One-step Diffusion with Distribution Matching Distillation

Authors: Tianwei Yin, Michaël Gharbi, Richard Zhang, Eli Shechtman, Fredo Durand, William T. Freeman, Taesung Park

What

This paper introduces Distribution Matching Distillation (DMD), a method for converting a diffusion model into a one-step image generator with minimal quality loss by minimizing the KL divergence between real and generated image distributions using a pair of diffusion models.

Why

This paper is important because it addresses the slow sampling speed of diffusion models, enabling near-real-time image generation with quality comparable to traditional multi-step methods.

How

The authors train a one-step generator with a distribution matching loss, estimated from scores derived from two diffusion models, and a regression loss based on a pre-computed dataset of noise-image pairs from the original diffusion model.

Result

DMD outperforms existing diffusion distillation techniques, achieving FIDs of 2.62 on ImageNet 64x64 and 11.49 on zero-shot COCO-30k, comparable to Stable Diffusion but significantly faster (20 FPS).

LF

Limitations include a minor quality gap compared to multi-step diffusion and challenges in generating text and fine details.

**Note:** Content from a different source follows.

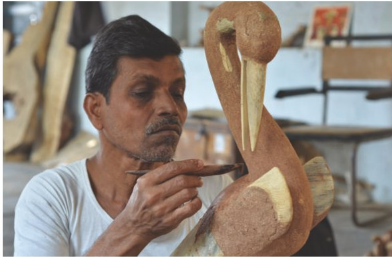
Adding chinta lappam to the skeleton

Future work involves distilling more advanced models and exploring variable guidance scales.

Abstract

Diffusion models generate high-quality images but require dozens of forward passes. We introduce Distribution Matching Distillation (DMD), a procedure to transform a diffusion model into a one-step image generator with minimal impact on image quality. We enforce the one-step image generator match the diffusion model at distribution level, by minimizing an approximate KL divergence whose gradient can be expressed as the difference between 2 score functions, one of the target distribution and the other of the synthetic distribution being produced by our one-step generator. The score functions are parameterized as two diffusion models trained separately on each distribution. Combined with a simple regression loss matching the large-scale structure of the multi-step diffusion outputs, our method outperforms all published few-step diffusion approaches, reaching 2.62 FID on ImageNet 64x64 and 11.49 FID on zero-shot COCO-30k, comparable to Stable Diffusion but orders of magnitude faster. Utilizing FP16 inference, our model generates images at 20 FPS on modern hardware.